Failure to promptly correct the violations specified above may result in enforcement action without further notice. Enforcement action may include seizure of violative products and/or injunction against the manufacturers and distributors of violative products.
 

Please advise this office in writing within 15 working days of receipt of this letter as to the specific steps that you have taken to correct the violations noted above and to ensure that similar violations will not recur. Your response should include any documentation necessary to show that correction has been achieved. If you cannot complete all corrections before you respond, state the reason for the delay and the date by which you will complete the corrections. You can find guidance and information for the regulated industry regarding regulations for drug products through links at FDA's website at http://www.fda.gov/oc/industry.
 

Your reply should be sent to Compliance Branch, Food and Drug Administration, 158-15 Liberty Avenue, Jamaica, NY 11433 Attention: Melaine D. Small, Compliance Officer.
 

Sincerely,
/S/
Ronald M. Pace
District Director
New York District
 

___________________________________________________________________

1 Your product does not fit within the "other than food" exception to the definition of "drug" in Section 201(g)(1)(C) of the Act (21 U.S.C. § 321(g)(1)(C)). Notwithstanding your use of the term "Dietary Supplement" to describe the product, a dietary supplement does not include a product represented for use as a conventional food. 21 U.S.C. § 321(ff)(2)(B). "Magic Power Coffee" is represented as a conventional food within the meaning of section 201(f) of the Act (21 U.S.C. § 321(f).
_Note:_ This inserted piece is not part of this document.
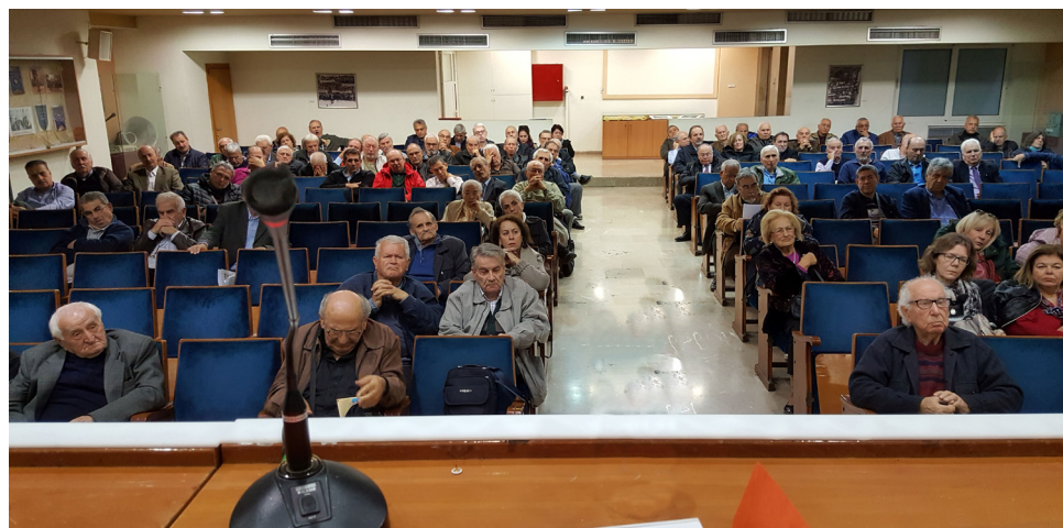
Οι συνάδελφοι της Κεντρικής Μακεδονίας ενημερώθηκαν για όλα τα «φλέγοντα» ζητήματα που απασχολούν τους συνταξιούχους

Κατόπιν ο πρόεδρος αναφέρθηκε διεξοδικά στα θέματα των συνταξιούχων μελών του του Συλλόγου. Ειδικότερα τόνισε: «Ως Διοίκηση λειτουργήσαμε για πολλά χρόνια στην καρδιά της κρίσης, η οποία ακόμα υπάρχει. Συναντήσαμε όλους τους υπουργούς, και τους προηγούμενους πρωθυπουργούς, Σαμαρά
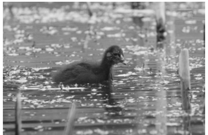
Wenige Tage altes Jungtier (Juli)

For example, the product is labeled as coffee, and the label includes images of a cup of coffee and coffee beans, and a "Nutrition Facts" panel. Due to the presence of the synthetic active pharmaceutical ingredient, hydroxythiohomosildenafil, and the above-mentioned label claims, Magic Power Coffee is not consumed primarily for its taste, aroma, or nutritive value. It is therefore a drug within the meaning of the Act. See Nutrilab v. Schweiker, 713 F.2d 335 (7th Cir. 1983).